Over the years I have been asked to explain the value of personas. After all, they come in all shapes and sizes and can be expensive to create when you set out to do it right. When I say right, I mean supported by contextual research into the circumstances of the target audience followed by a thorough analysis of that context, which results in great information design artifacts capturing the essence of the personas. This qualitative form of persona can also be enhanced by subsequent quantitative research, which may provide accurate insights into the relative size, value, and desires of personas, acting more as market segmentation and supporting business strategy. This balanced qualitative/quantitative approach can be very useful when integrating business and design teams to form a viable customer-focused strategy.
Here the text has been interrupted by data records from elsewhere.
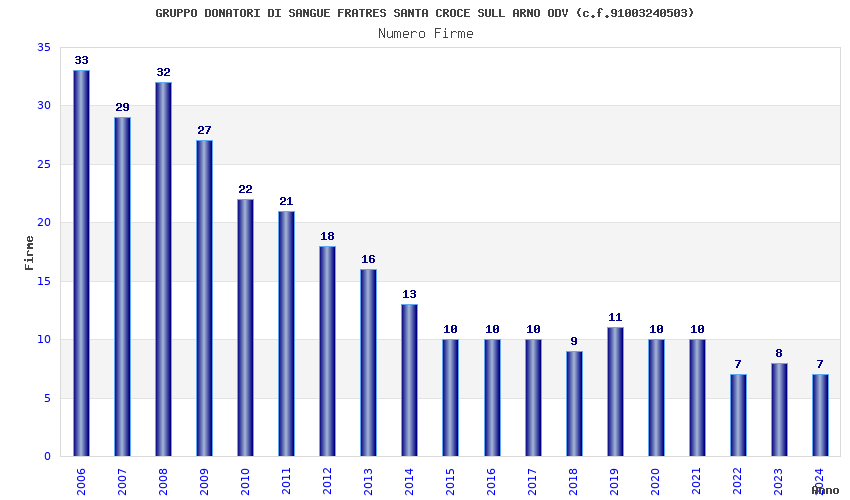 | Anno | Firme | Importi | Media | Naz. | Reg. | Prov. | Comu. |
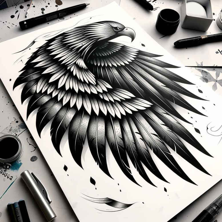 An AI-generated tattoo project concept featuring a densely shaded wing of layered feathers drawn on white paper. The study emphasizes composition, line work, and tonal balance to render a bold black and grey feather motif suitable for a cover-up. The design unfolds as a sweeping arc that could wrap the shoulder blade or upper arm, with each feather outlined in crisp lines and shaded to create depth. The main elements are wing, feather patterns, and negative space that allows the piece to age gracefully on skin. The piece uses fine line technique to build feather texture while maintaining readability at small scales; this makes it versatile as a small tattoo or larger piece. The work leans into a realism-inspired rendering of plumage, yet remains stylized to function as a tattoo design that transitions well when inked in black and grey. This tattoo design explores symbolism of ascent, protection, and freedom. For a potential client seeking a meaningful tattoo, the wing can symbolize personal growth or guardianship. The pattern of feathers creates a rhythmic motif that reads as motion and life. As a cover-up concept, the dense black shading provides ample cover for existing ink while preserving feather detail. This project is part of an AI-generated tattoo concept series and demonstrates how careful shading can transform a dark surface into a striking piece. Given the dense shadows, this concept is ideal for a cover-up. The language of the feather pattern invites the wearer to interpret the piece as a narrative of resilience, while the negative space allows tattoo artists to adapt scale and placement. The design can be executed in traditional black and grey ink or adjusted to a finer, more graphic interpretation. In practice, this wing motif pairs well with Japanese style tattoo influences or a more tribal approach, depending on placement and client goals. SEO keywords woven into the description include tattoo, tattoo design, meaningful tattoos, fine line tattoo, lotus flower tattoo, infinity tattoo, tribal tattoo, rose tattoo design, small tattoos, flower tattoos, custom tattoo design, Japanese style tattoo, black and grey, realistic tattoo, body art, and ink. This approach preserves the integrity of the feather pattern while offering a flexible template for cover-up workflows; artists can adjust density to hide underlying tattoos or scars while preserving legibility of the wing.
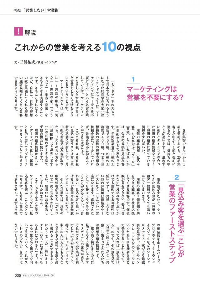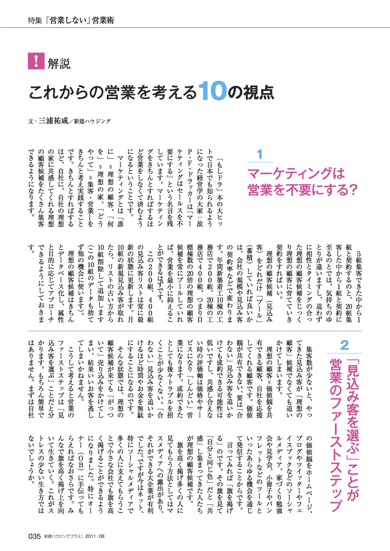 「新建ハウジングプラスワン」2011年8月号の特集は『「営業しない」営業術』と題し、従来型の「売り込み」営業からの脱却する方法を、事例とコラムで解説しています。
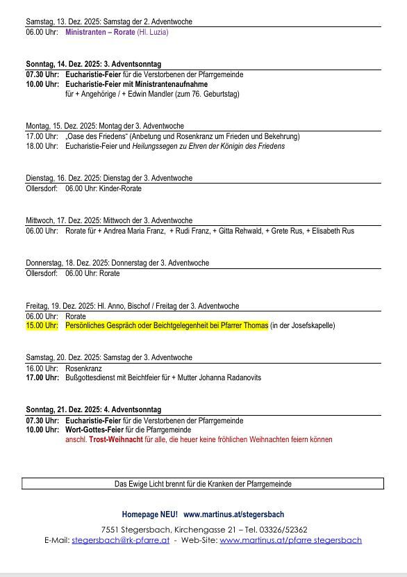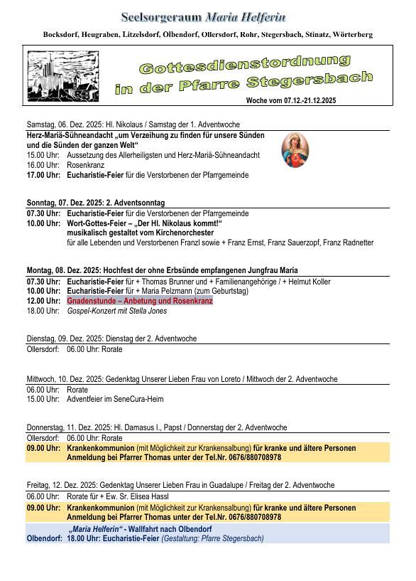 Gottesdienstordnung Stegersbach/Ollersdorf

The following is a short list of factors that make personas a very valuable strategic design tool for business.
How personas are a driver of digital innovation, in no particular order…
> Provide a framework for generating ideas that satisfy a particular audience
> Each persona is a channel for capturing insights and generating ideas
> Drivers of user-generated innovation…based on real needs, responding to certain behaviors and motivations
> After conducting extensive consumer research the creation of personas is an excellent tool for synthesizing the information discovered
> They keep the design and business team objective in identifying needs etc.
> Enables designers to empathize with a target audience
> They have the potential to generate a-ha moments for business
> They can tie ideas and concepts back to real market segmentation
> Supports the generation of measurement strategies by tying brought-to-market concepts back to specific market segments…targeted validation
> A persona is a cognitive shorthand to understanding a large body of information
Informs the creation of key user experience deliverables especially information architecture and content strategy
It is also worth calling out the benefits of a program of Persona Socialization, where personas are introduced to the business through a variety of means and materials…
> Allows internal business teams keep their eyes on the prize, when bringing new products and services to market
> Helps communication and consensus between internal teams tasked with bringing new products and services to market
> Provides a solid basis for personifying target audiences over time
Please feel free to add to this growing list!

Nice one Brian!
All of the above indeed! I’m currently preparing a persona workshop for a large client with my team. One of the things we’re using the personas for is to trigger the debate on which parts of the user experience can be targeted to a specific audience and which parts must satisfy all groups. That question can partly be answered by looking at which personas would require a specific approach and which would be satisfied by a ‘generic’ approach. What we’re discovering is that this depends largely on which part of the journey you’re looking at. That’s why we often use personas in conjunction with customer journey mapping.
Thanks for the inspiration!
Erik
Thanks, Erik. What you outline as an approach makes a lot of sense. Different strokes for different folks because no ones journey is exactly the same. I think you are inspiring my next persona-oriented blog…to go into details on the practical use of personas to support design methods!